Intanto come non ci si arriva.
Seguendo le indicazione della ragazza del rifugio Pomilio prendo l'autostrada, ignoro la variante per Casalincontrada, tiro sull’uscita Chieti, chiedo per Guardiagrele. Che domande, dritto, due cartelli nella stessa direzione, Chieti e Guardiagrele, e segui. Poi arriva il cartello Chieti centro. Puoi immaginare che, per una cittadina blasonata come Guardiagrele, si deve prendere per la città della camomilla? Non puoi. Avanti, e sono al casello Pescara ovest della A14. Non demordo e prendo a sud. Casello Pescara sud-Francavilla, scritta Guardiagrele. Esco sicuro: a due passi ci dev’essere la superstrada iperveloce Chieti-Guardiagrele. Cartello Guardiagrele, freccia a destra, si punta sui monti. Qui scopro che Guardiagrele deve essere sinonimo in lingua antica osco-peligna di Bocca di Valle: nei cartelli il primo nome scompare e appare il secondo. E non può esserci altra spiegazione. Sti’ Peligni (tribù fiera, tarchiati e tostissimi, con carnagione e capelli e baffi scuri) avranno voluto conservare a tutti i costi il nome Guardiagrele.

Salendo per "roccette"

Nell’antichità, per non confondersi con i Sanniti di Pietrabbondante, i bambini (maschi, s’intende) gli nascevano già con i baffi. Superstrada solo un tratto, superveloce è altra cosa. Quando ci sono, ritorna il cartello Guardiagrele, ma a questo punto conviene credere a Bocca di Valle. E qui riscopro, saranno cento volte, che Pennapiedimonte, Palombaro e Fara San Martino, non sono tre borghi attaccati , uno dietro l’angolo dell'altro, ma distano una ventina di chilometri. Di strada fonca, direbbe la vecchia alimentarista di Cappadocia.
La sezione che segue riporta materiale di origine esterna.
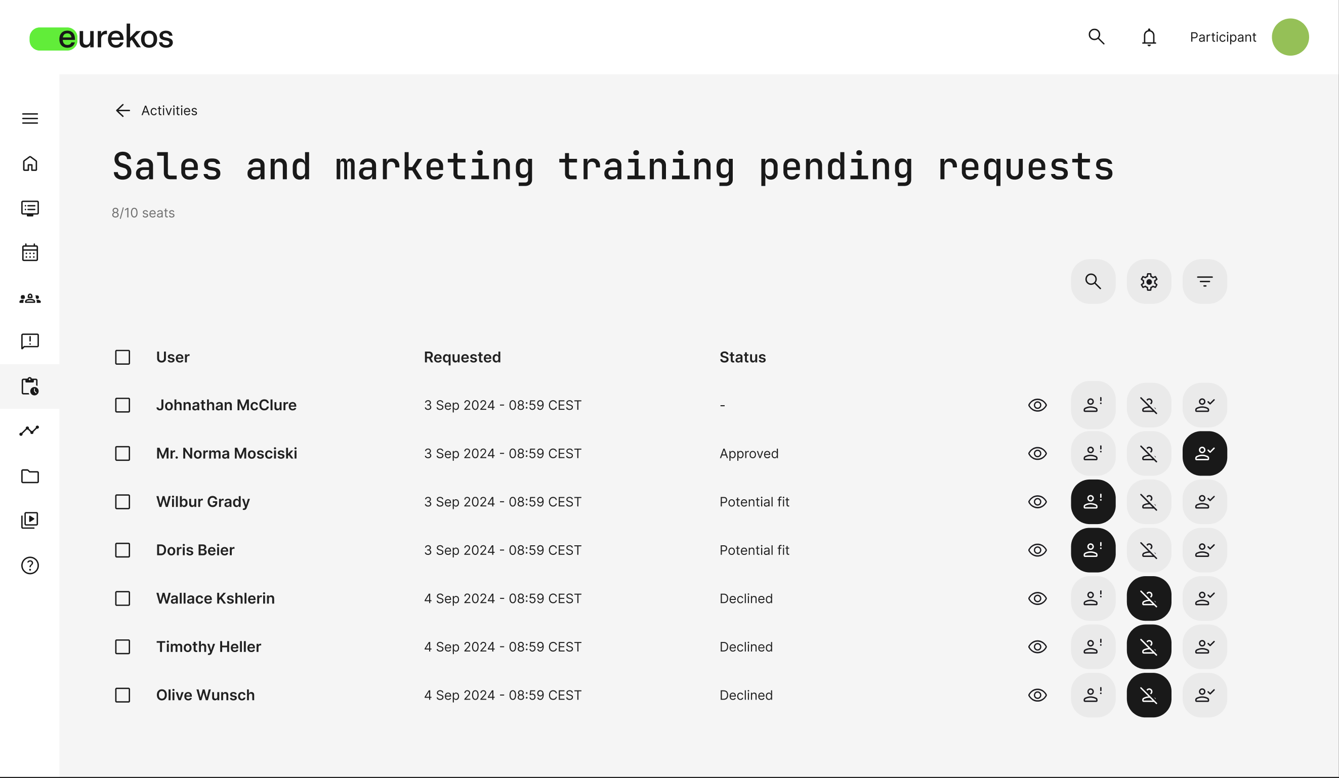 - A status column has been added to the participation approval list, showing the current status of each request: Pending, approved, or declined.

Ammiro i pilastri calcarei di Macirenelle, seguo il filo del sentiero che sale verso colle Bandiera e biforca tra Val Serviera e Macirenelle. Vedo a Fara il fornaio senza fila (da tre o quattro anni non accadeva), appetitosa pizzetta alle alici, rifornimento acqua e tre ore son passate. Poco male, c’è ampia scelta e, infatti, è tardi e sono obbligato a prendere il sentiero breve.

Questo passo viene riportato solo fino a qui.